§ **Problem**: Starting at the line with "雨が心配でしたが、プールに入" and stopping at the final line, retype the data below exactly; do not carry over any pictures.

(Extracted records)
____________________
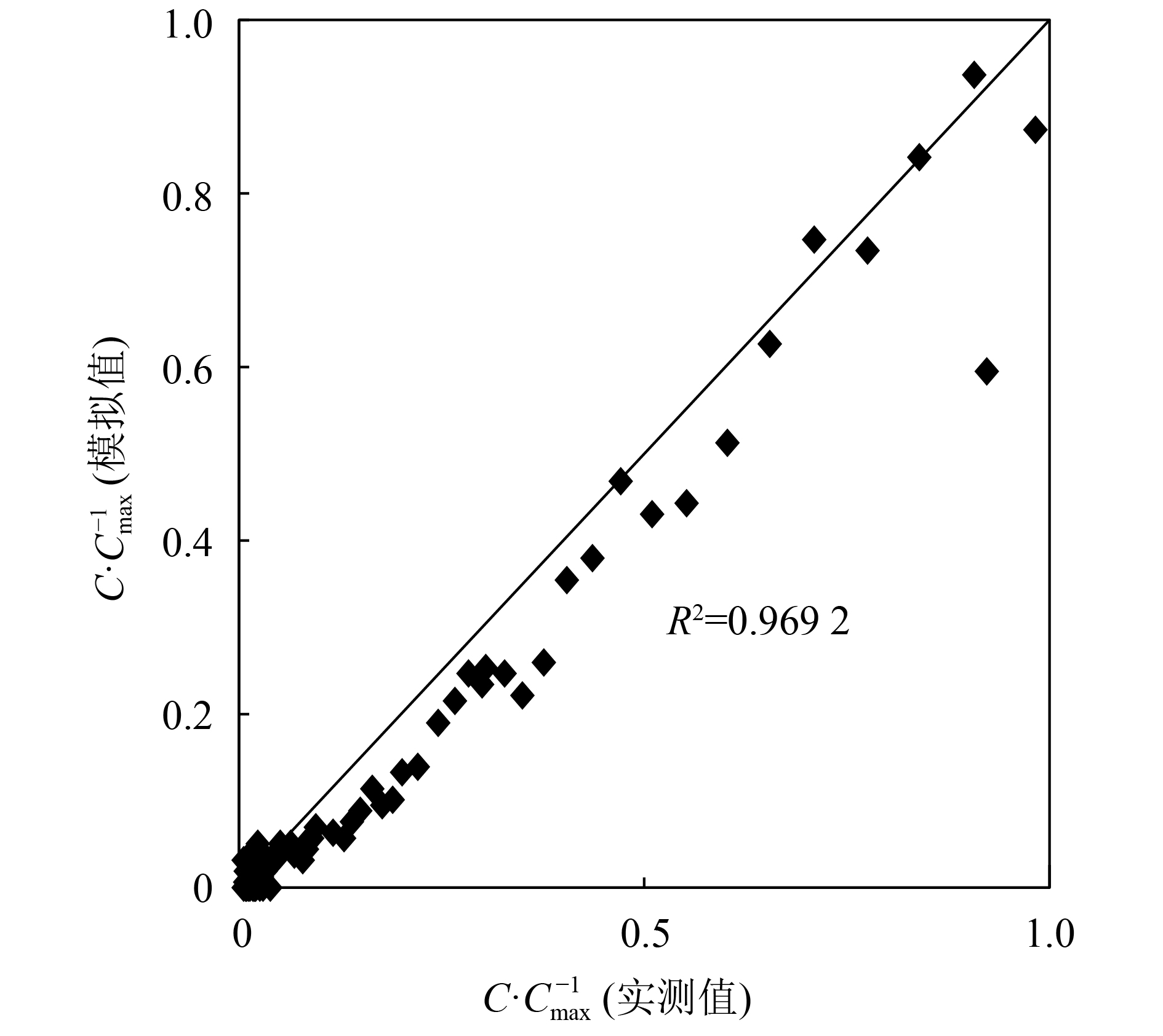 | 图9 实测浓度相对值与模拟浓度相对值的相关度(Cmax为x=4 m处的浓度最大值) Fig. 9 Correlation between measured relative concentration and simulated relative concentration (Cmax is the maximum concentration at x=4 m) |
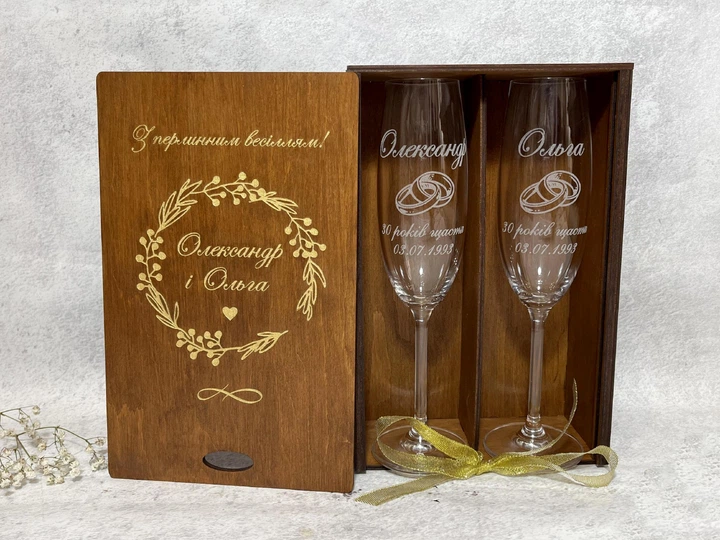 Бокали Arty Craft для шампанського на річницю весілля з лазерним гравіюванням у дерев’яній коробці 220 мл 2 шт
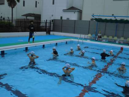 雨が心配でしたが、プールに入ることが出来ました。今日は、水慣れをした後、クロールを中心に練習をしました。だんだんと上手になってきました。
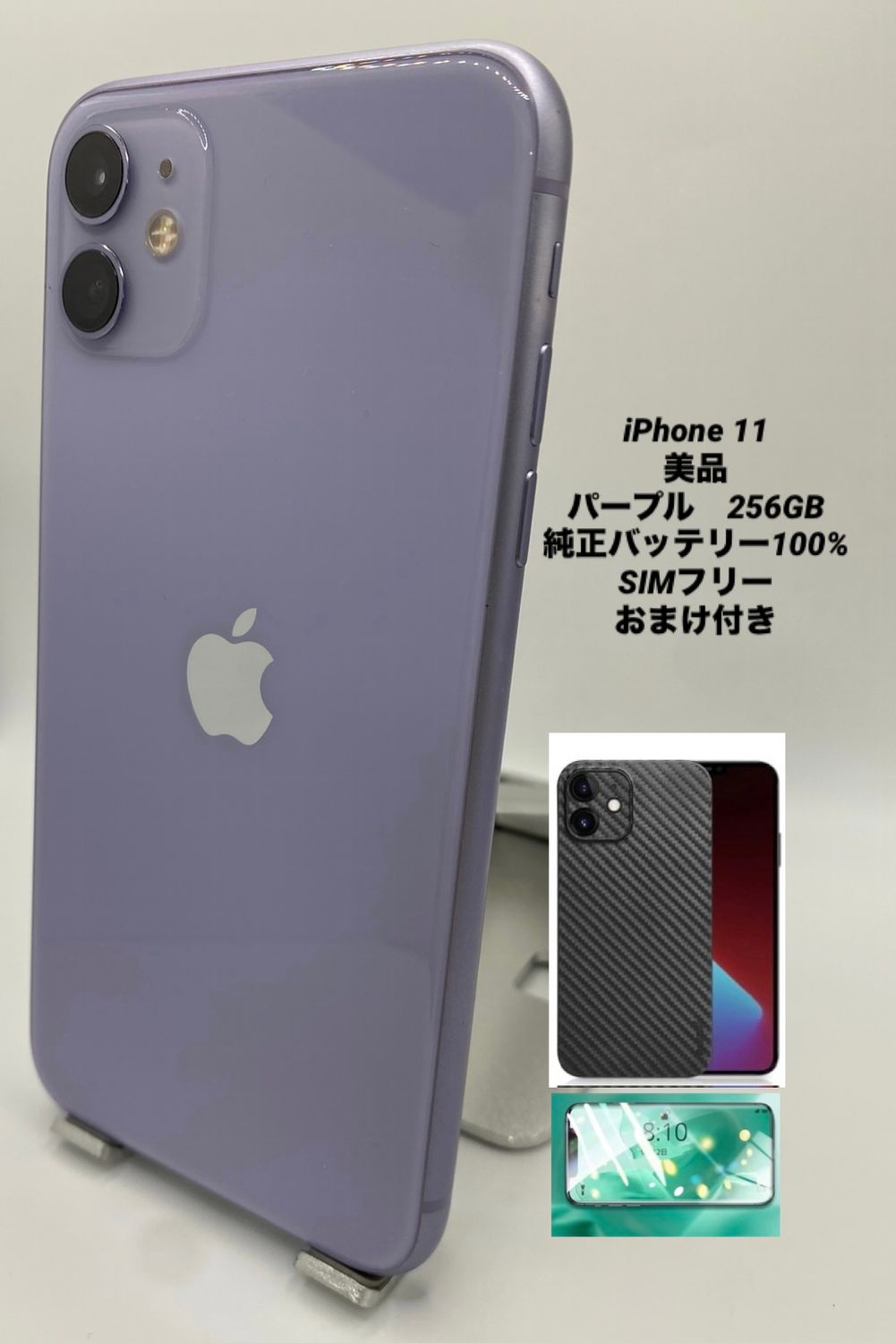 明日発送 060★美品★iPhone 11 256GB パープル/純正バッテリー100%
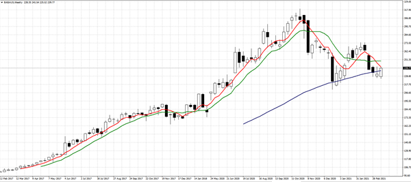 周线图上分析目前在233美元有一定支撑,在60周均线反复后,有继续回落到200美元附近可能。
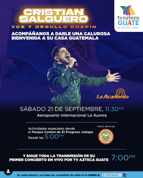 "Acompáñanos a darle una cálida bienvenida a nuestro querido chapín, Cristian Salguero, este sábado 21 de septiembre a las 11:30 AM en el Aeropuerto Internacional La Aurora", escribieron.
____________________
§ **Response to the exercise**:
 雨が心配でしたが、プールに入ることが出来ました。今日は、水慣れをした後、クロールを中心に練習をしました。だんだんと上手になってきました。
 明日発送 060★美品★iPhone 11 256GB パープル/純正バッテリー100%
 周线图上分析目前在233美元有一定支撑,在60周均线反复后,有继续回落到200美元附近可能。
 "Acompáñanos a darle una cálida bienvenida a nuestro querido chapín, Cristian Salguero, este sábado 21 de septiembre a las 11:30 AM en el Aeropuerto Internacional La Aurora", escribieron.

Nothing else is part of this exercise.